Assigned task
The required output is the exact run of lines from the one bearing "A tela do Cadastro" through the final line of the listing below, with the pictures removed.

Given data
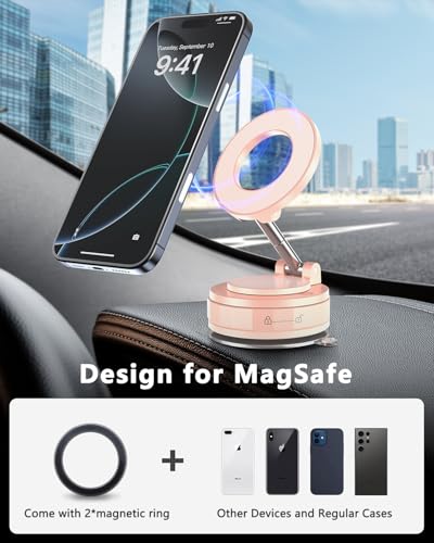 Compatibilidad universal: nuestro soporte de teléfono para automóvil está diseñado para todos los modelos de iPhone (17/16/15/14/13/12) y cualquier dispositivo compatible con Mag-Safe. Para teléfonos que no son Mag-Safe, proporcionamos un anillo magnético ultra fuerte para garantizar una sujeción segura. Ya sea que tu teléfono esté desnudo o en una funda, se enciende al instante con una sola mano
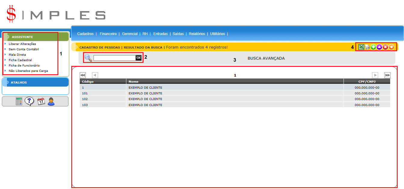 A tela do Cadastro de Pessoa possui quatro elementos principais que executam funções distintas:
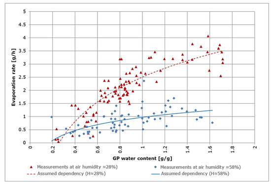 is based on the assumption that the evaporation depends on the GP water content. Preliminary tests showed a logarithmic dependency between the water content of GP and the rate of evaporation shown in Figure 6. This is consistent with a previously documented relationship between evaporation and soil water depletion [12]. Measurements were carried out gravimetrically using a precision balance. The two curves show the assumed dependencies between evaporation and GP water content. From these results, a strong (and formalizable) dependency on air humidity can be assumed.

Result of this exercise
 A tela do Cadastro de Pessoa possui quatro elementos principais que executam funções distintas:
 is based on the assumption that the evaporation depends on the GP water content. Preliminary tests showed a logarithmic dependency between the water content of GP and the rate of evaporation shown in Figure 6. This is consistent with a previously documented relationship between evaporation and soil water depletion [12]. Measurements were carried out gravimetrically using a precision balance. The two curves show the assumed dependencies between evaporation and GP water content. From these results, a strong (and formalizable) dependency on air humidity can be assumed.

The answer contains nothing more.